週刊誌は「奇想天外」な迷判決を出した始関正光裁判官に感謝すべきであろう。銀座のクラブのママが上客に来てもらいたくて月に何回か関係を持った。そのことを知った客の妻がママを相手取って損害賠償を求めて提訴した。理由は、夫の不貞行為のために夫婦の信頼関係は危機に瀕し、別居生活に至ったからだというものである。
このことは夫も認めている。しかし、件のママのほうは、客は本当の不貞の相手を隠すために自分のことを持ち出したのだと反論している。そこで始関裁判官はこのような判決を下したのだ。
「ソープランドに勤務する女性のような売春婦が対価を得て妻のある顧客と性交渉を行った場合には、顧客の性欲処理に商売として応じたに過ぎず、何ら婚姻共同生活の平和を害するものではないから、(中略)妻に対しては不法行為を構成するものではないと解される」
クラブのママやホステスは、顧客を確保するためにさまざまな営業活動を行っており、客の要求に応じて性交渉をする「枕営業」と呼ばれる営業活動をする者も少なからずいることは「公知の事実」だから、結婚生活の平和を乱したとはいえないとして、妻側からの請求をあっさりと棄却してしまったのである。『週刊新潮』は<枕営業は正当な「業務」であり、銀座のクラブの料金は、客との同衾を見越して設定されているという空前の「迷判決」>だと仰天している。
夜ごと銀座に繰り出していたときにこの判決を知っていたら、ホステスに料金にはセックス代が含まれているのだから、これからオレとホテルへ行かないと過剰請求で訴えるぞと言えたのに...。
妻の代理人の青島克行弁護士によると、始関裁判官は法廷で「何を根拠に請求するのか。これはソープランドと同じで、慰謝料請求なんかできないだろう」といい放ったというのだ。最高裁の判例では、どんな事情があれ、既婚者と分かっていて関係を持てば相手の家庭を壊したという理由で慰謝料が認められていると主張する。
もし、この妻が夫を訴えたらどうなったのだろうか。始関裁判官は枕営業に応じただけだから不貞ではないといって棄却するのだろうか。原告側はあきれ果てたのか控訴しなかったそうだが、高裁ではどんな判決が出るのか聞いてみたかった。
このような裁判官なら、妻の浮気に対して慰謝料を要求する夫に対して、「妻というのはカネで買われた売春婦だから、他の男と愛情を持たない性交渉を持ったとしても、それだけで夫婦の平和を乱したとはいい難い」などという判決を下すかもしれない。

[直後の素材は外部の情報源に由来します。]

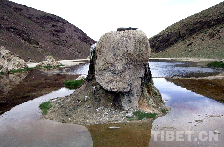 这是藏北尼玛县荣玛温泉溶岩柱景观(唐召明2001年摄)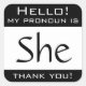 Make your preferred third-person personal pronoun easy to spot with this handy sticker.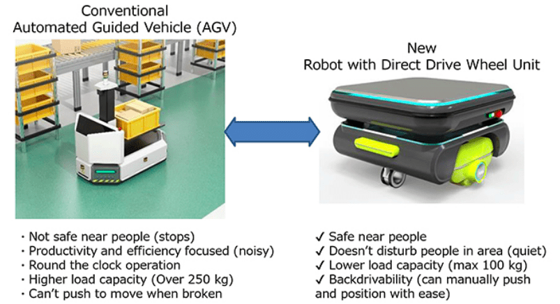 Accordingly, NSK moved to develop a direct drive motor wheel unit, which can operate much more quietly than conventional drive units thanks to its gearless structure. The direct drive wheel unit is designed to be safe around people and is ideal for use in service robots, power-assist push carts, and other collaborative robot applications.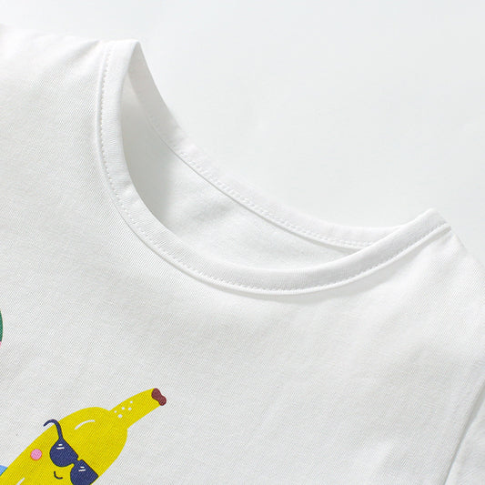 Kids’ Fruits Cartoon Pattern Short Sleeves T-shirt in European and American Style for Summer

北大路欣也夫婦「超高級老人ホーム暮し」夜景見ながらシェフのディナー、ジャグジー、完全健康管理・・・
北大路欣也は大俳優である。最近は「三匹のおっさん」(テレビ東京系)でコミカルな演技を見せて人気だが、『週刊ポスト』によれば、北大路はいま妻とともに介護付有料老人ホームで暮らしている。その老人ホームは都内にあり、高級ホテルさながらの設備を誇っているそうだ。ロビーには高級ソファーが並び、食事は都会の夜景を見下ろすダイニングで専属シェフの手による日替わりメニューを味わえるほか、ジャグジーやラウンジなどを備えている。
当然ながらホームドクターと専属の看護師がいて、健康管理は万全なうえ、介護が必要な状態になった時にはケアスタッフによる介護を受けられる。サービスも施設も至れり尽くせりだそうだ。だが、入居には一時金として数千万円、加えて食費など月々の費用が数十万円かかる。
北大路72歳、妻は66歳だそうだ。週刊ポストによれば、北大路夫婦が元気なうちに老人ホームに入る決断をしたのは、両親(父親は東映時代劇の大スター・市川右太衛門)のことが影響しているそうである。
老いた両親の安全と安心を常に確保でき、命の尊厳をいつでも守れる環境を提供しなければならないと考えていた北大路は、自分の足で親の終の棲家探しをした。そして巡り会ったのが千葉県館山市の老人保健施設であった。そこで父は92歳、母は95歳で大往生した。母は90歳を過ぎて足取りが覚束なくなっても、夫のためにコーヒーを入れていたそうだ。
そんな両親の晩年こそ、北大路にとって理想の夫婦の生き方なのであろう。ちょっといい話である。